__DIRECTIONS__.
Print, exactly as they appear in the listing below, the lines from the line with "The Blue Force" to the line with "2月7日,臘月二十,咸安區(qū)浮山街", with both end lines kept.
──────── EXERCISE MATERIAL
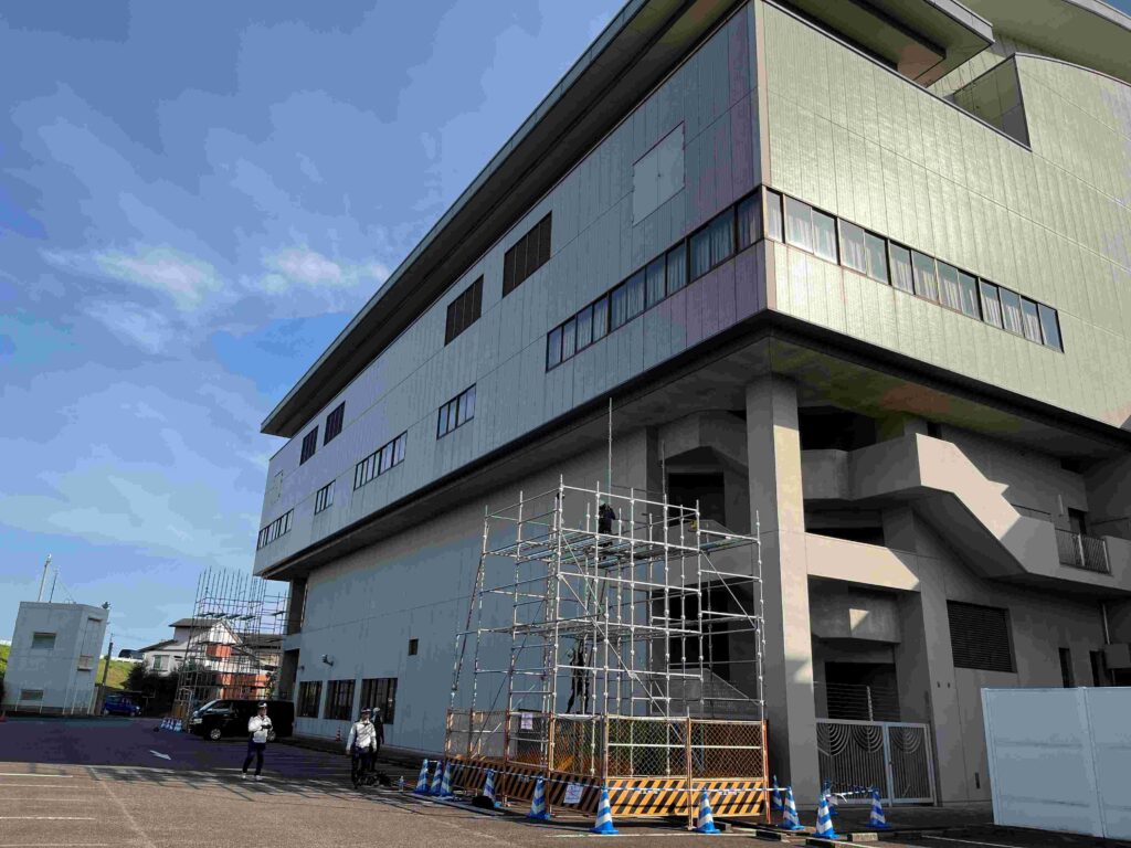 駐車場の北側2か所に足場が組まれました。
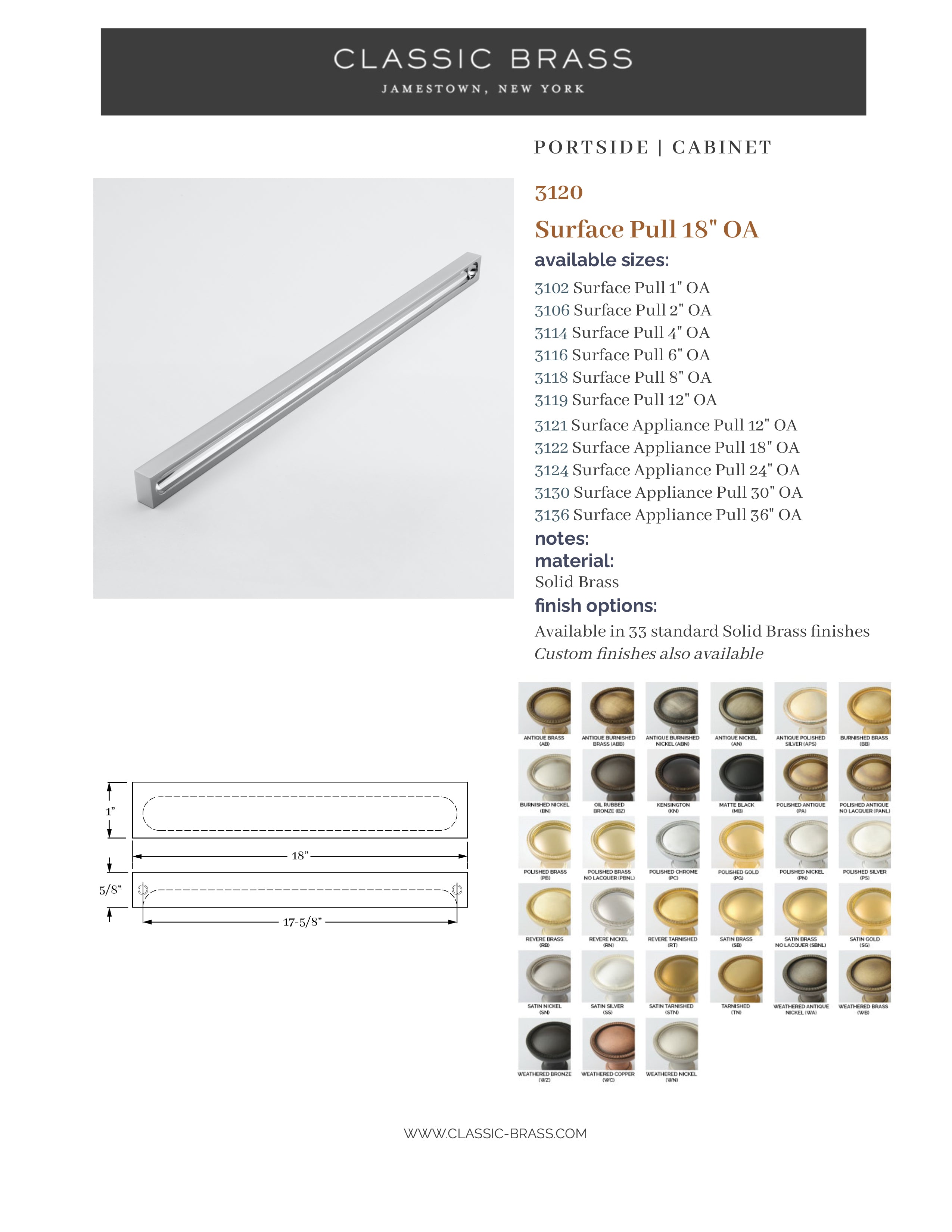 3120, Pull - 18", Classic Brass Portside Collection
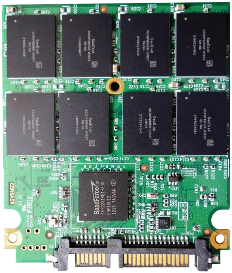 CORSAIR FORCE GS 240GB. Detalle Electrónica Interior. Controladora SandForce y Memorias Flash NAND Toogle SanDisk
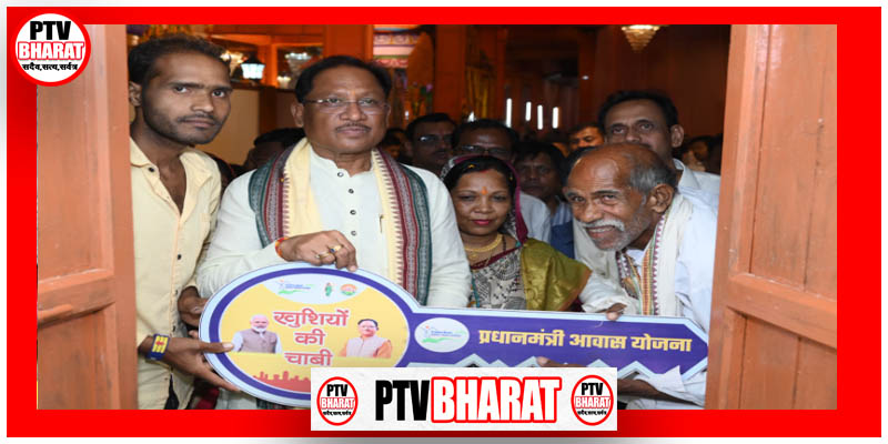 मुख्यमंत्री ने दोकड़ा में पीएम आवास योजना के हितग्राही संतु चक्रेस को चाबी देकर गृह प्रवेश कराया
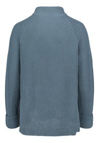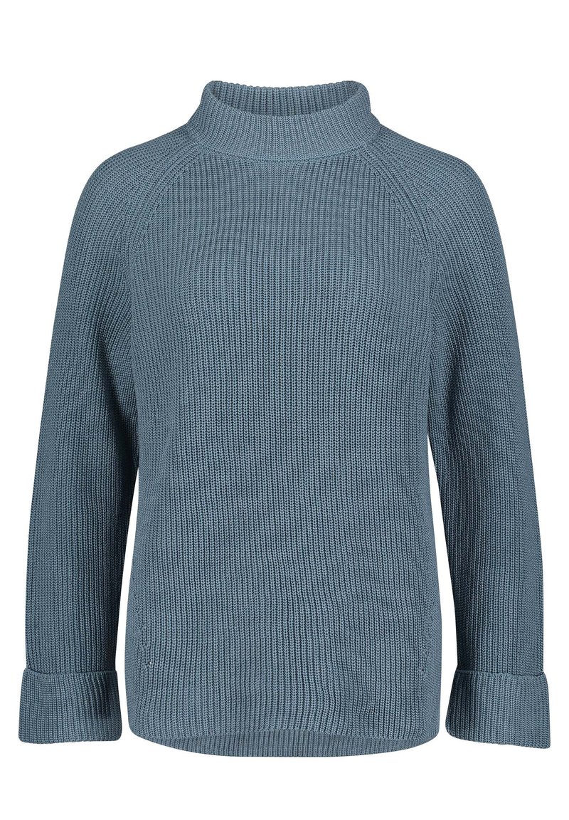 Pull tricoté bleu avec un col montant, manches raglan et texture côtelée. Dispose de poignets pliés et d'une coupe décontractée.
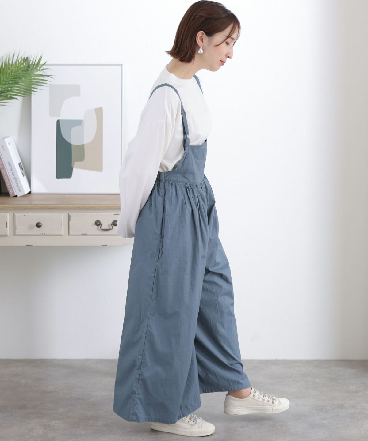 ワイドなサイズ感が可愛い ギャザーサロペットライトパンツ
────────────────
──────── EXERCISE MATERIAL
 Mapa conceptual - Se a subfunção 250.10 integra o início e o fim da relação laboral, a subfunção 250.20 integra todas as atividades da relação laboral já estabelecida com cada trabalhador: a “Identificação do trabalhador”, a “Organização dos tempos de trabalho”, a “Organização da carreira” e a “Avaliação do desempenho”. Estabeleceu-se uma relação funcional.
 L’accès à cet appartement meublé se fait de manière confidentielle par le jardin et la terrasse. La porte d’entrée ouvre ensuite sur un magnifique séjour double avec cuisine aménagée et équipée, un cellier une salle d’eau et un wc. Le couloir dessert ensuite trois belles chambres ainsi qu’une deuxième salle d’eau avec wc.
────────────────
──────── EXERCISE MATERIAL
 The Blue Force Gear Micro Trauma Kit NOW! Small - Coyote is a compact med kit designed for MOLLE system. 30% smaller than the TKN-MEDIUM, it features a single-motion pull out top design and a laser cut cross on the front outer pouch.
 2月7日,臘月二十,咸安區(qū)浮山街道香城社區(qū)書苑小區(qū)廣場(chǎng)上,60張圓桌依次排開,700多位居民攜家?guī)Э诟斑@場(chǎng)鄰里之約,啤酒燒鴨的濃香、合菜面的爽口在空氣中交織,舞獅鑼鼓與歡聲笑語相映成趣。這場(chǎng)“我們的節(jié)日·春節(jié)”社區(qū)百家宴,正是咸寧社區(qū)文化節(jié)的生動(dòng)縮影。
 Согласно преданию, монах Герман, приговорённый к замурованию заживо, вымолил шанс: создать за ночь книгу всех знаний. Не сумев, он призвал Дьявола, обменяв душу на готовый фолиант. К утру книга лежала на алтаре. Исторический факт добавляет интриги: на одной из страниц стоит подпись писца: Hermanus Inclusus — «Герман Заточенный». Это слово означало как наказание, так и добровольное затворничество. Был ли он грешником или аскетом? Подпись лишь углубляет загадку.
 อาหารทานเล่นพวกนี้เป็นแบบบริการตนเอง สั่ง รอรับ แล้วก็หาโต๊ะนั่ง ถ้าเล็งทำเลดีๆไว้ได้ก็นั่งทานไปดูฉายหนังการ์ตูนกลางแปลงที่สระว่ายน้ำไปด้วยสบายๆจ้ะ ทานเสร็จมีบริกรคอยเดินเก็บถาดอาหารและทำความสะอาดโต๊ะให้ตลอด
────────────────
__WRITTEN RESPONSE__.
 The Blue Force Gear Micro Trauma Kit NOW! Small - Coyote is a compact med kit designed for MOLLE system. 30% smaller than the TKN-MEDIUM, it features a single-motion pull out top design and a laser cut cross on the front outer pouch.
 2月7日,臘月二十,咸安區(qū)浮山街道香城社區(qū)書苑小區(qū)廣場(chǎng)上,60張圓桌依次排開,700多位居民攜家?guī)Э诟斑@場(chǎng)鄰里之約,啤酒燒鴨的濃香、合菜面的爽口在空氣中交織,舞獅鑼鼓與歡聲笑語相映成趣。這場(chǎng)“我們的節(jié)日·春節(jié)”社區(qū)百家宴,正是咸寧社區(qū)文化節(jié)的生動(dòng)縮影。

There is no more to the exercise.